# What software can I use with my us cutter mh 871?



## sb shirts (Jun 18, 2010)

hey what program should i use for my cutter. i bouhgt it used so it doesnt come whit program. help please i already have corel 
and illustraitor but where do i sent my designs?
and where do i get some vector designs
?


----------



## mr300s (Nov 10, 2009)

I would start first with Sign Blazer (free) and then I would download Inkscape also free don't need much more than that. The owner of SB had died a few tears back but the program works just fine.
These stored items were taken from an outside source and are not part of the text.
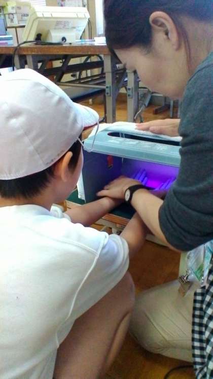 先日の体重測定と共に,保健室で手洗い指導をしていただきました。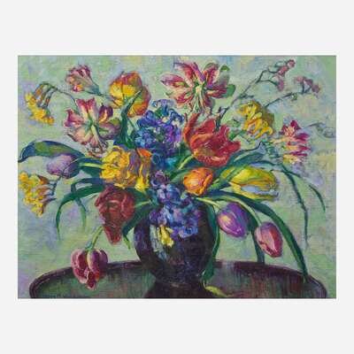 Helen Elizabeth Mills Weisenburg (American, 1885-1943) Still Life with Tulips on a Tabletop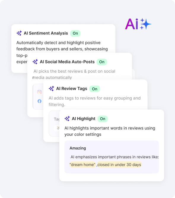 Use tags like “First-time buyer,” “Luxury condo,” or “Commercial lease” to organize reviews and show the right stories to the right prospects at the right time.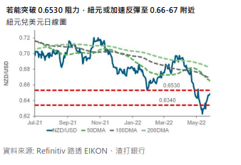 纽西兰央行一如预期加息 50 个基点,纽元兑美元走高。不过纽西兰央行发表的最新预测显示利率或将达 3.95% 的水平,这表示 7 月和 8 月将分别有机会进一步加息 50 个基点。纽西兰央行偏鹰和商品价格上升都有利纽元,若突破阻力位 0.6530 将进一步确认纽元兑美元的看好趋势。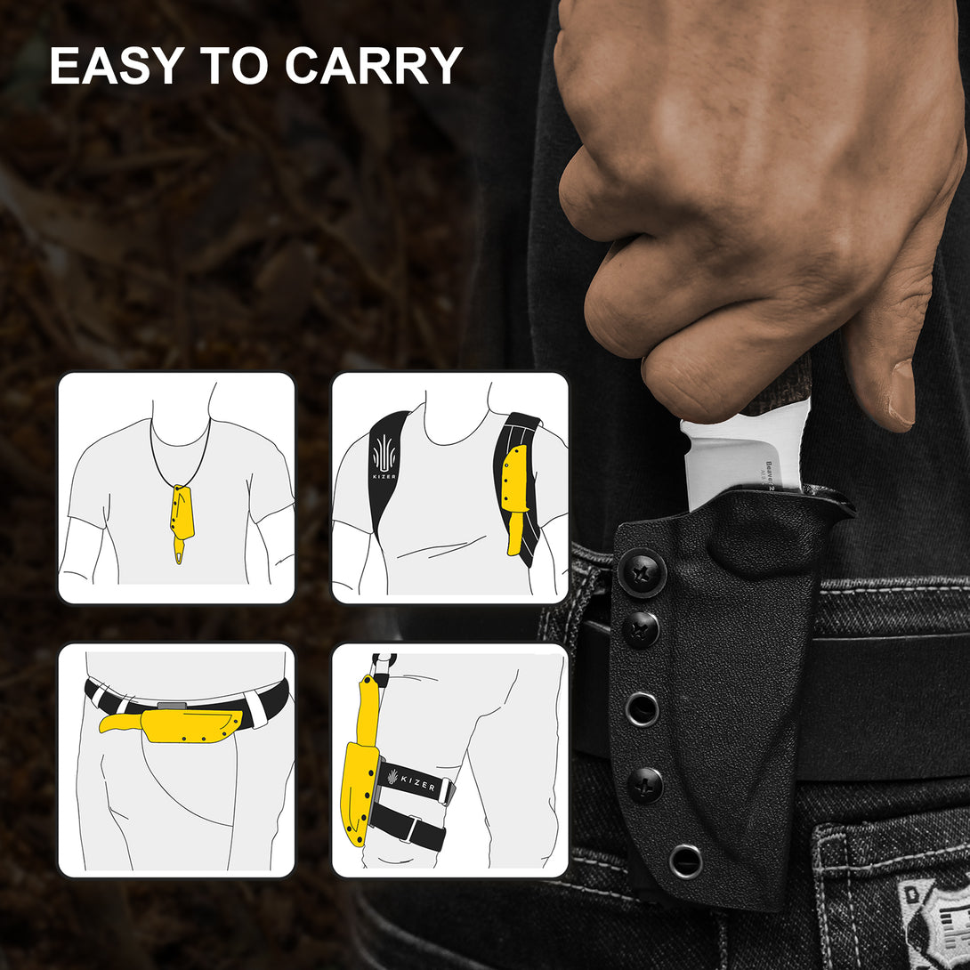 Each knife comes with a custom-molded Kydex sheath, delivering secure storage and effortless everyday carry. The sheath fully encloses the blade to prevent accidental contact with the sharp edge, improving safety during transport. Built for the outdoors, it offers quick access and can be easily mounted to your belt, pack, or gear for always-ready convenience.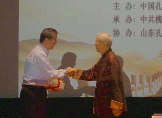 为传播和弘扬传统文化,曾仕强先生将自己多年来录制的讲学视频无偿赠送给孔子学堂,中国孔子基金会副理事长牛廷涛代表孔子学堂接受了这份宝贵的礼物。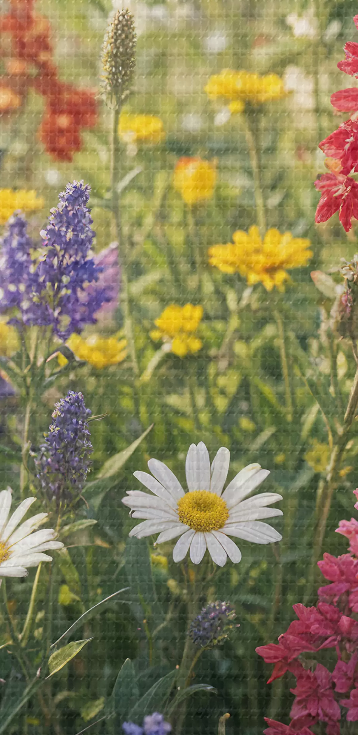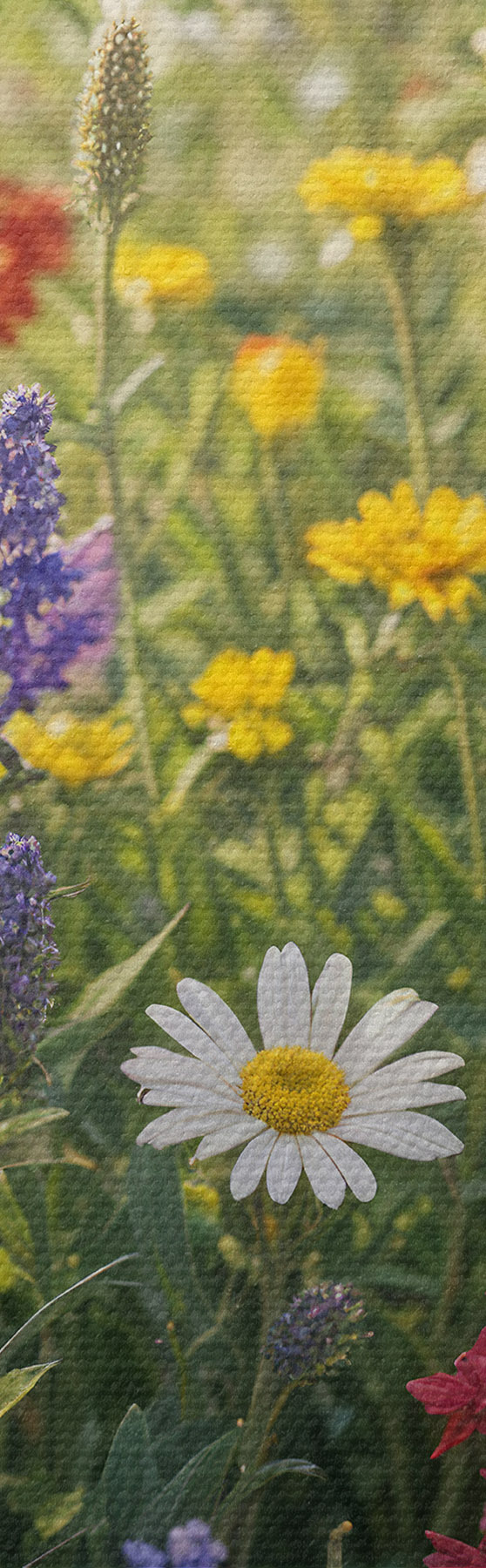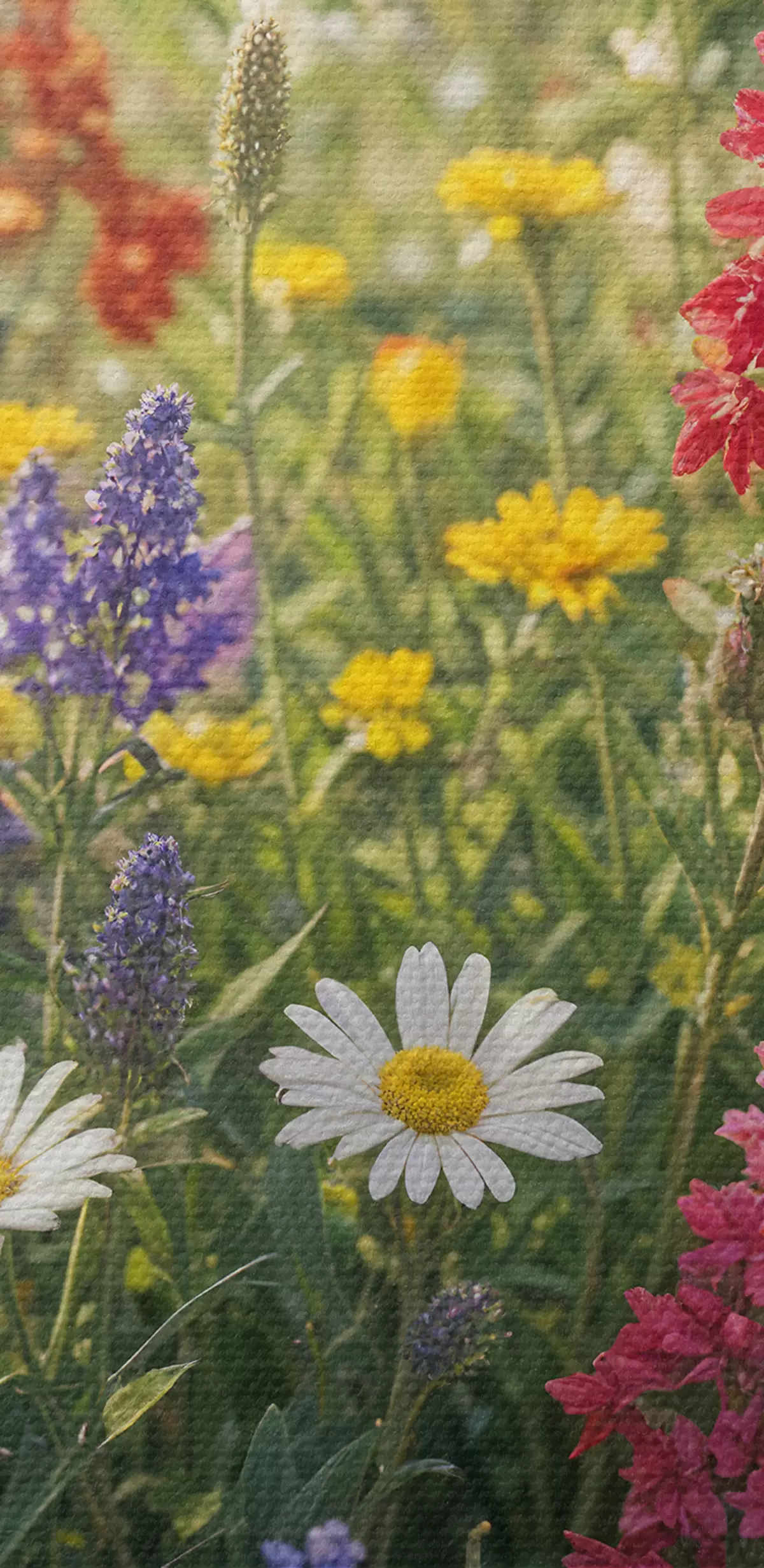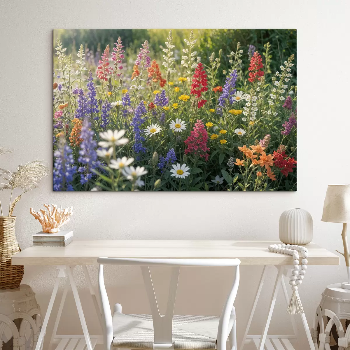 Vászonkép Színes vadvirágos rét különféle virágzó virágokkal, köztük százszorszépekkel, levendulával és piros virágokkal Nr s40390

As you go on you will learn how to get rid of the nag screens etc.

Good luck


----------



## mr300s (Nov 10, 2009)

sb shirts said:


> hey what program should i use for my cutter. i bouhgt it used so it doesnt come whit program. help please i already have corel
> and illustraitor but where do i sent my designs?
> and where do i get some vector designs
> ?


as far as vectors do a goggle search there is tons of free ones out there or you can go on ebay and buy some


----------



## gerry (Oct 4, 2006)

what kind of plotter do you have? sometimes you can cut right out of corel and I believe Illy, i have a summa and cuts right out of Corel.


----------



## sb shirts (Jun 18, 2010)

is the us cutter mh 871


----------



## gerry (Oct 4, 2006)

Did you figure it out ?
I went to summa and rolands website..downloaded the drivers..and they self installed leaving a macro in my tools menu in cdx14


----------



## Rodney (Nov 3, 2004)

:: edited thread TITLE to be more descriptive and moved to a more appropriate section of the forum  ::​


----------